No son vacaciones
Así comienza la novela
de esta joven escritora y editora, en la que los climas van marcando el pulso
de una historia “de amor, de locura y de muerte”, parafraseando a Horacio
Quiroga, quien hizo de la naturaleza salvaje su principal personaje. Un
personaje que, en esta novela, es de una belleza abrumadora y que, por el
contrario, invade los espacios, reflejándose en un juego de luces y contraluces
que no hace más que mostrar la artificialidad propia de un escenario de película,
y que la deja afuera, sin poder llegar a convertirlo en un espacio propio.
Y son las luces y las formas el modo que la
protagonista elige para acercase a la materia narrativa, cuya curiosidad desbocada
por las vidas ajenas la lleva a inventarse retazos de la propia, y con el que va
a describir a los personajes a partir de aquellos detalles que los hacen
únicos.
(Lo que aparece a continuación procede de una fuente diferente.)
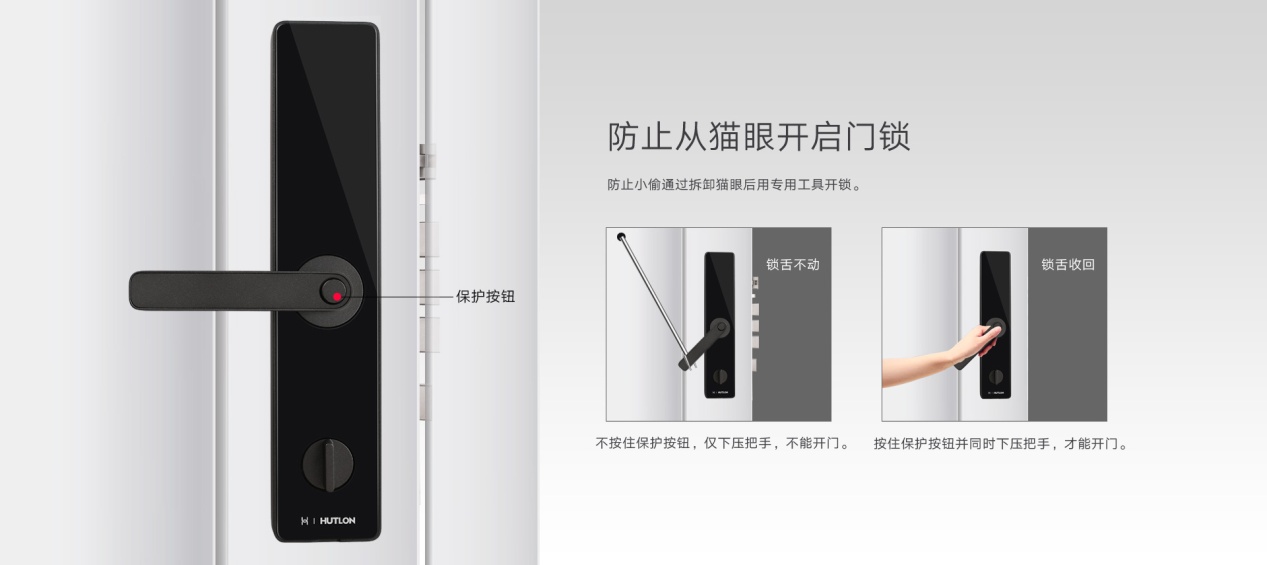 現在有很多小偷會通過拆卸貓眼后用專用工具開鎖。智選智能指紋鎖在室內面板把手上設計了保護按鈕,不按住保護按鈕,僅下壓把手不能開門,按住保護按鈕并同時下壓把手才能開門,防止小偷通過貓眼孔開門。

Como el de la madre de su novio, cuyos rasgos faciales la asemejan a
una gorgona; el de Juan, que en su forma de caminar revela toda la potencia
animal que la ciudad había refrenado o el de Richard, el maduro vecino cuyos
rasgos contradictorios le provocan una inexplicable atracción.
Una leyenda autóctona
de sacrificio por amor, la de la flor de amancay, será el leitmotiv que se
repetirá a lo largo del relato y que aparecerá en la forma que asume el amor
entre Catalina y Juan, cuando ella descubra cuánto de misterio se esconde en su
pasado, y que se replica en las flores ensangrentadas que el vecino encuentra.
Con un muy buen manejo
del tempo narrativo, una ajustada dosificación de los detalles y de la elaboración
de climas, construye un relato acerca del amor como una presencia fantasmal que
une y separa, y que la lleva a constatar lo que todas las familias -las felices
y las que no- comparten: que pertenecer a una familia “es comportarse como si
tuvieras un secreto que pudiera arruinarlos a todos.” Nada menos.